MultiLing Summer School 2020: Second language learning and interaction

MultiLing's Summer School 2020 will take place from 7 to 11 September, 2020. This year, the topic is issues in second language learning and interaction. It will address how language learning is accomplished in conversational interaction and how the development of linguistic and interactional competence may be traced in actual conversational behavior over time.

Photo of a PhD student at a previous MultiLing course. Photo: Nadia Frantsen/UiO

Participants at a previous MultiLing course. Photo: Nadia Frantsen/UiO

ECTS credits: 5

For information, visit the course webpage for HFILN9080 MultiLing Summer School

Prerequisites

  • Participants must be enrolled in a PhD program in linguistics or a related field of study.
  • Postdoctoral Research Fellows may also apply, but will be admitted only if there is room after relevant PhD students have been accepted.
  • There is no course fee, but participants will have to cover their own travel and accommodation expenses.

Application

The application deadline is 15 May, 2020.

All applicants are kindly asked to submit (together with their application):

  • a 250-word description of their project, data and method(s).
  •  a recommendation letter from your supervisor

For information about how to apply, visit the course webpage for HFILN9080 MultiLing Summer School.

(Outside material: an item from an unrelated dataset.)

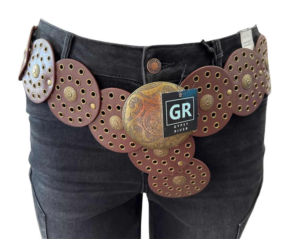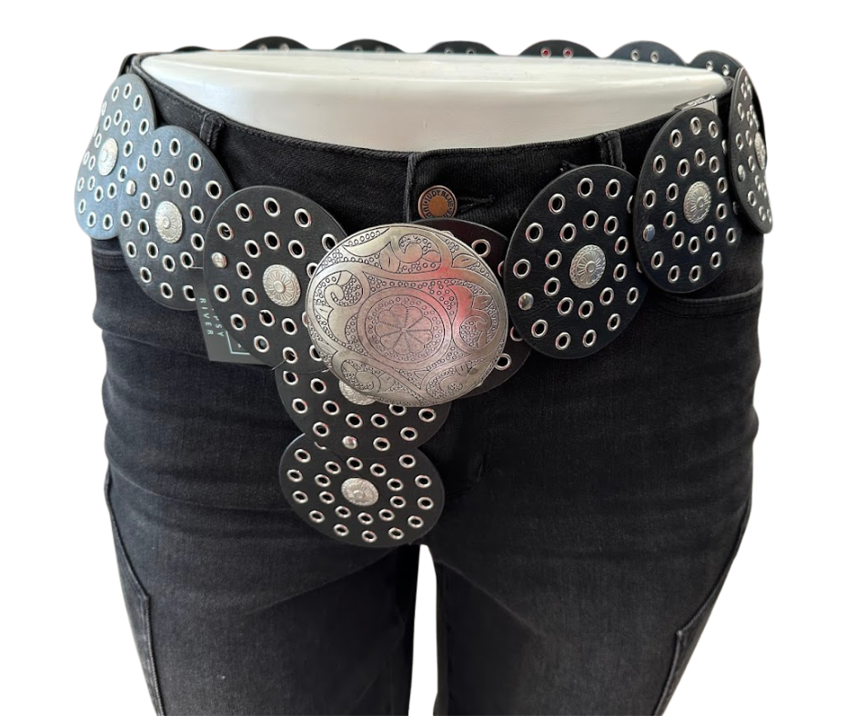 Turn heads and cinch your style with this bold Western-inspired concho belt. Featuring oversized round conchos linked together and finished with an engraved statement buckle, this belt brings instant flair to denim, dresses, or skirts. Designed to sit at the waist or hips, it’s an eye-catching piece that’s more than just an accessory—it’s a conversation starter. Available in classic brown with antique gold or striking black with silver, this belt adds a touch of rustic glam to any outfit.

Members of LingPhil (Norwegian Graduate Researcher School in Linguistics and Philology) can apply for travel grant to participate in this course.

Assignment

Paper of five pages to be submitted one week before the course and a ten minute oral presentation of it during the course. The paper should use insights from the articles on the reading list in a reflection on the methodological approach of one’s own research project.

Content

The PhD course will give an introduction to the conversation analytic approach to second language (L2) learning and interaction. It will be concerned with people's methods for accomplishing learning and the interactional evidence researchers rely on to make claims about such methods. Furthermore, it will give insight into characteristics of interaction between first and second language speakers, for instance how L1 speakers adapt to the perceived proficiency level of L2 speakers and seek to preempt understanding problems. The data will come from both formal, pedagogic activities and informal conversations outside the classroom (‘in the wild’). Addressing methodological issues and challenges, the course will give hands-on experience with analyzing recordings of video- and audio-recorded conversations using a conversation analytic methodology.

Find the program here.

Topics covered include

  • Conversation Analysis as an approach to L2 learning and interaction
  • Methodological issues in studying L2 interaction longitudinally
  • Methodological challenges of eclecticism
  • L2 interactional competence and its development
  • L2 grammar-in-interaction
  • L2 talk as atypical interaction?
  • Language learning in the classroom and ‘in the wild’
  • Securing understanding in L2 interaction

Reading list

Approximately 400 pages of research articles.

Lecturers

Simona Pekarek Doehler (University of Neuchâtel, Switzerland) and Søren Eskildsen (University of Southern Denmark, Denmark) will hold the Summer School together with Jan Svennevig (MultiLing).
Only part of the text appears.